FreeRADIUS Alpha 0.2.0, July 30, 2001.

	* call openlog() again when using PAM, to get the correct log
	facility.
	* Update child thread code, to minimize race conditions.
	* Make thread pools the default.  Using plain child threads is NOT
	recommended.
	* Ignore SIGPIPE to get ride of crashes when using ldap.

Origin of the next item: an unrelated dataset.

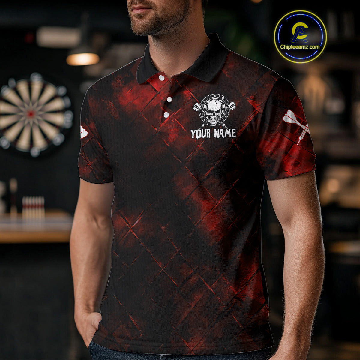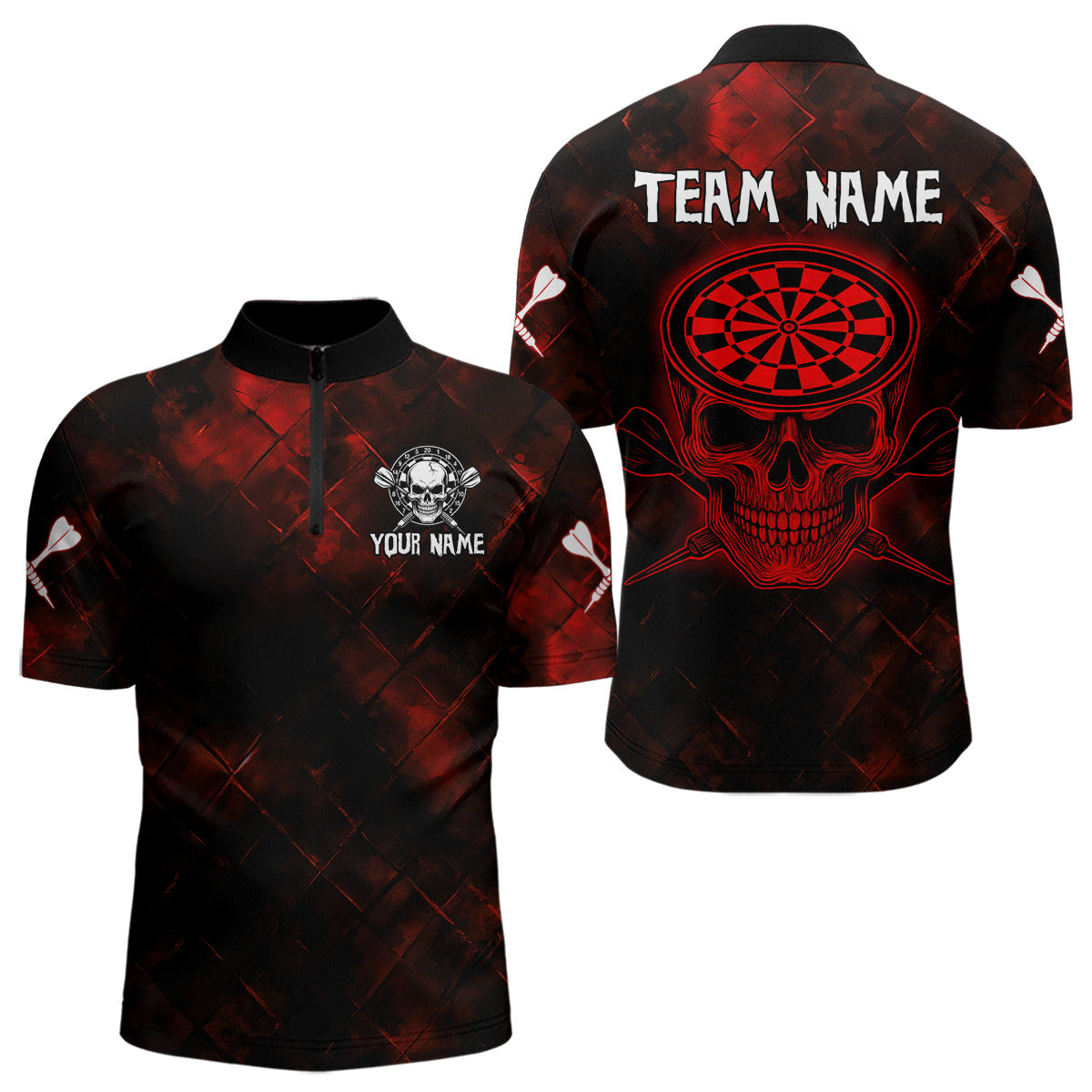 Men's Custom Darts Team Shirt - Skull & Dartboard Graphic With Grunge Red Pattern NYN0320
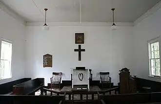 Upon entering the church, a single aisle leads through the center of the nave to the chancel, which is centered on the northwest wall of the church. Simple, stained pews fill the nave of the church. The chancel is raised on a pentagonal platform which is surrounded on three sides by a low communion rail with square balusters. The ends of the communion rail are accented with turned balusters. A second square platform is centered atop the lower on which the pulpit is situated. The walls of the church are covered in plaster with a broad base board and milled crown molding. The ceiling is covered with tongue-in-groove boards. A reed organ, produced by the Beckwith Organ Company of Chicago, IL sits to the side of the chancel.

	* Update proxying code to work better.
	* Platform independent pthread_cancel()ling
	* Fix 'unresponsive child pid' erroneous warning messages.
	* Many changes to get various SQL modules working.
	Note that there may still be some issues with Oracle.
	* Added configure options 'with-rlm-FOO-include/lib-dir', so that
	lower-level rlm_FOO modules can be configured via the top-level
	configuration file.  This isn't completely done yet.
	* Fix check for shared library using libtool info, instead of
	assuming extension being ".so".
	* Fixes for HPUX.  We probably need more.
	* Many additional bug fixes and changes.